Tayfun MARO
Nasıl anlatmalı!
10 Eylül 2018 Pazartesi

Niyetim, amacını ziyadesiyle aşan kimi eleştirilere derli toplu cevap vermek. Dolayısıyla daldan dala bir yazı olacak. Hoş görmeniz umuduyla…

Ülkede toplumsal mutabakat çöktü. İşlerin elan seksen öncesi Türkiye koşullarında olduğu gibi yürümüyor; İslami düzen isteyen müslümanlar ve ulus devletle sorunlu Kürtler, Cumhuriyet’in kuruluşuyla oluşan yüzyıllık mutabakattan çekildiler.

Toplumsal mutabakat çöktüğü için Erdoğan’ın yeni yönetim sistemi kurması mümkün oldu. Ve mutabakatın çöküşünü başlatan dinamikler, 12 Eylül darbesi sonucu çalışmaya başlamıştı.

Aynı süreçte toplumda yaşanan vasatlaşma ve satıhlaşma nedeniyle, bütün değerlerde aşınma var.

Cumhuriyet’in kuruluşu, salt antiemperyalist mücadele sonucu değil fakat aynı zamanda, yeni Cumhuriyet’in kapitalist sisteme devlet eliyle entegrasyonuyla mümkün olmuştur.

Cumhuriyet’in kuruluş yıllarında, ulus devlet anlayışı, Akdeniz kıyıları boyunca, Portekiz’de, İspanya’da, İtalya’da faşizmi ihya etmiştir. Alman faşizminin, düşünceden mimariye Türkiye üzerindeki etkilerine hiç girmiyorum.

Nihayetinde, Türkiye’de, 1950’ye kadar, tek partili ve otoriter bir yönetim sistemi vardı. Belki de tarihsel bir zorunluluktu ama böyleydi.

Türkiye Cumhuriyeti hiçbir zaman antikapitalist ülkelerin saflarında yer almadı. Kuruluşundan günümüze her zaman kapitalist sistemde yer aldı. Şu anda zaten kapitalizm, Dünya sistemidir.

CHP’lilerin solculuğunun karinesi kabul edilen Aydınlanma devrimi ise, bir burjuva devrimidir.

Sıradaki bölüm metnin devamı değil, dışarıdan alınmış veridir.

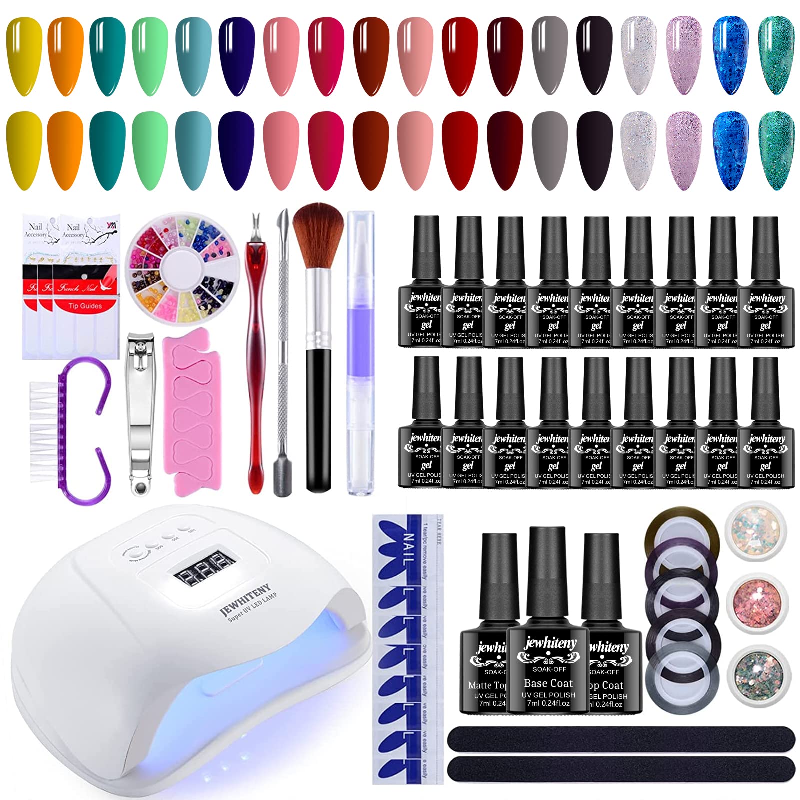 Amazon Com Jewhiteny Gel Nail Polish Kit With Uv Led Light 18 Colors Gel Polish Set Base Gel Top Coat Starter For Diy Home Manicure Halloween Gel Nail Kit Gift For Women

Bu devlet ceberuttur. Daha lise öğrencisiyken, “güleryüzlü sosyalizm” üzerine yazı yazdığı için günlerce siyasi şubede tutulmuş biriyim. Bakanlık binasında Mescit yapılmış kitaplığı eski haline döndürmekle suçlanarak Paris’ten Erzurum’a sürüldüm. Ve benzeri bir sürü sinir bozucu vaka…

Sistem karşıtı fikirleri savunmanın bedelini hayatımın her döneminde ödedim ve hiç pişman değilim.

Çevremde, fikirlerinden ötürü canından olmuş, hapishanelerde ömrünü tüketmiş çok fazla insan oldu. Onlara saygımdan, kendi başıma gelenleri dile getirmemeye her zaman özen gösterdim.

Bana, devlet ceberut değildi, diyen birinin vicdanından, aklından ve ahlakından şüphe ederim.

Benim liberal olduğumu söyleyenlere gelince; olsaydım o fikirleri savunurdum. Merak eden varsa söyleyeyim; anti otoriterim ve uygarlığı sorguladığım için ideolojik aidiyetim yok.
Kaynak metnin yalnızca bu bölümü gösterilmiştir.